Santo súbito

Print Friendly

El sábado dos de abril del 2005, purchase hace hoy siete años, pharm murió Juan Pablo II, troche a las 21:37 horas de Roma, justamente el momento que, después de todo el día acordándome de él, me decido a escribir esta nota en su recuerdo.
En aquella ocasión no era Semana Santa, el Domingo de Ramos había sido el 20 de marzo y al día siguiente se celebraba el domingo de la Divina Misericordia, la misma festividad que se celebraba el día 1 de mayo de 2011, cuando su sucesor Benedicto XVI lo declaro Beato.
Hubo que esperar cinco años para que la legalidad permitiese que se hiciera realidad ese clamor espontáneo de aquella noche en la Plaza de San Pedro cuando miles de gargantas gritaron Santo Súbito.
La fiesta de la Divina Misericordia se celebra el primer domingo después del Domingo de Pascua, habiendo sido instituida precisamente por Juan Pablo II, el 30 de mayo del año 2000, para toda la Iglesia Universal en la canonización de la polaca Santa Faustina Kowalska, (apóstol de la Divina Misericordia) de la Congregación de Hermanas de Nuestra Señora de la Misericordia, conocidas como las “Hermanas Magdalenas”.
El Papa Juan Pablo II dijo que “de una manera especial, este es el domingo para dar gracias por toda la bondad que Dios nos ha mostrado con el ministerio de Su Pascua”.
Muchas son las cosas que se podrían escribir acerca de Juan Pablo II, el segundo Papa más longevo después de Pío IX (1846-1878), incluso todos tenemos recuerdos personales de este personaje; pero quizás pueda ser más oportuno en estos momentos, recordar un párrafo del texto del Decreto de beatificación publicado el viernes 14 de enero de 2011 por la Congregación para las Causas de los Santos, que dice:
“El pontificado de Juan Pablo II fue un elocuente y claro signo, no sólo para los católicos, sino para la opinión pública mundial, para personas de todos los colores y credos.
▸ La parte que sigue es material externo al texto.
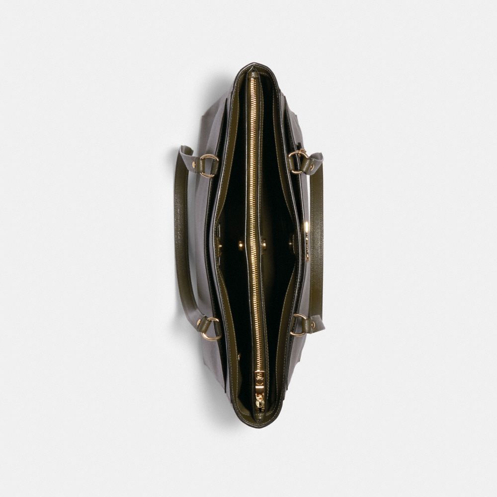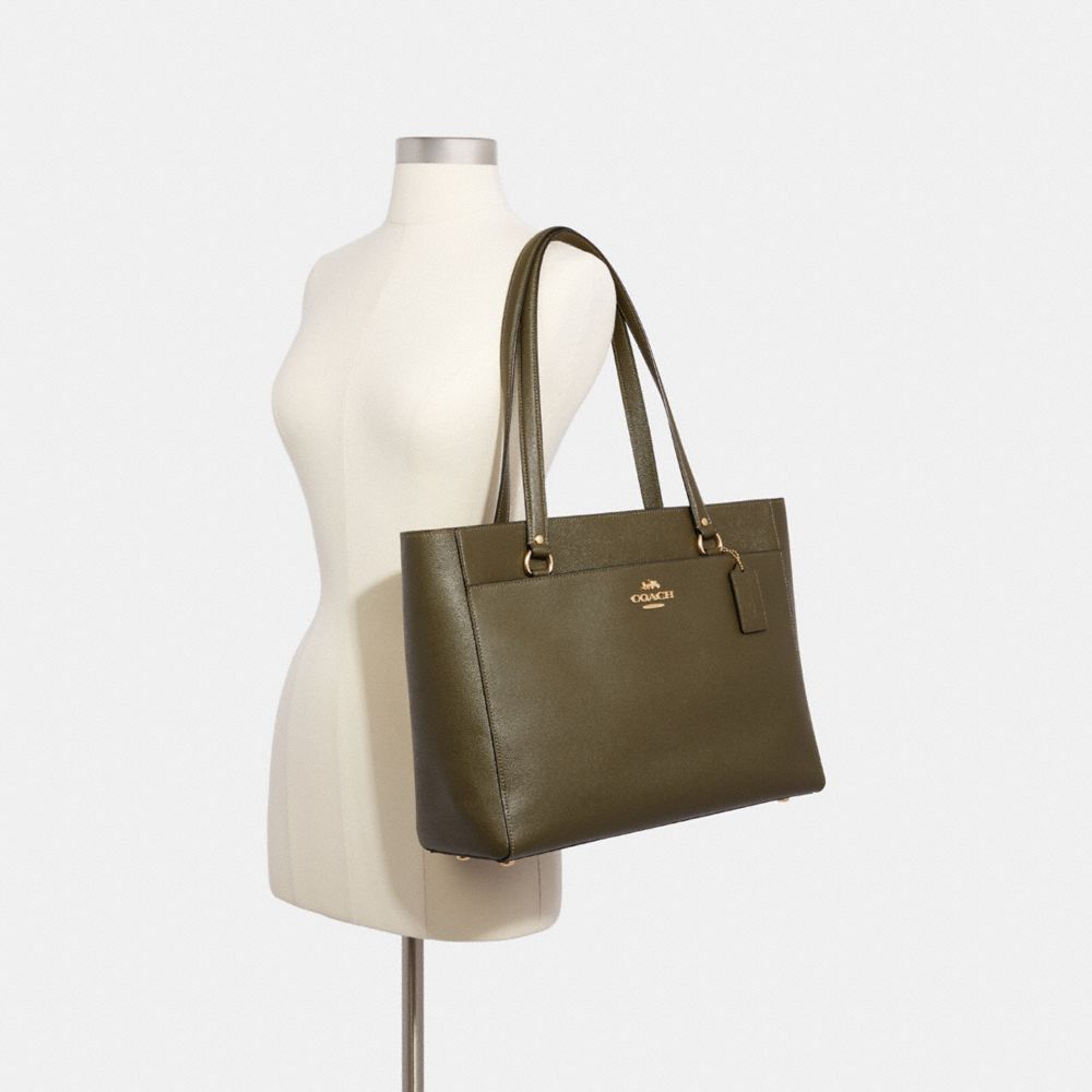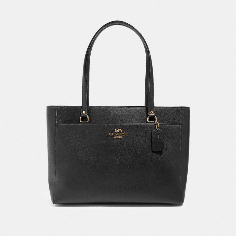 Crossgrain leather| Two credit card slots| Inside zip, cell phone and multifunction pockets| Center zip compartment| Snap closure, fabric lining| Handles with 10 1/2" drop| Outside slip pockets| 14 1/2" (L) x 11" (H) x 5 1/2" (W)

La reacción mundial a su estilo de vida, al desarrollo de misión apostólica, al modo como soportó su sufrimiento, la decisión de continuar su misión petrina hasta el final como querida por la divida Providencia, y finalmente, la reacción a su muerte, la popularidad de la aclamación “¡Santo, ya!”, que algunos hicieron el día de su funeral, todo ello es base sólida en la experiencia de haberse encontrado con la persona que era el Papa. Los fieles sintieron, experimentaron que era un “hombre de Dios”, que realmente ve los pasos concretos y los mecanismos del mundo contemporáneo “en Dios”, en la perspectiva de Dios, con los ojos de un místico que alza los ojos sólo a Dios. Fue claramente un hombre de oración: tanto es así que, sólo en la dinámica de unión personal con Dios, de la escucha permanente a los que Dios quiere decir en una situación concreta, fluía la entera actividad del papa Juan Pablo II.”
Es el recuerdo que muchos tenemos de él.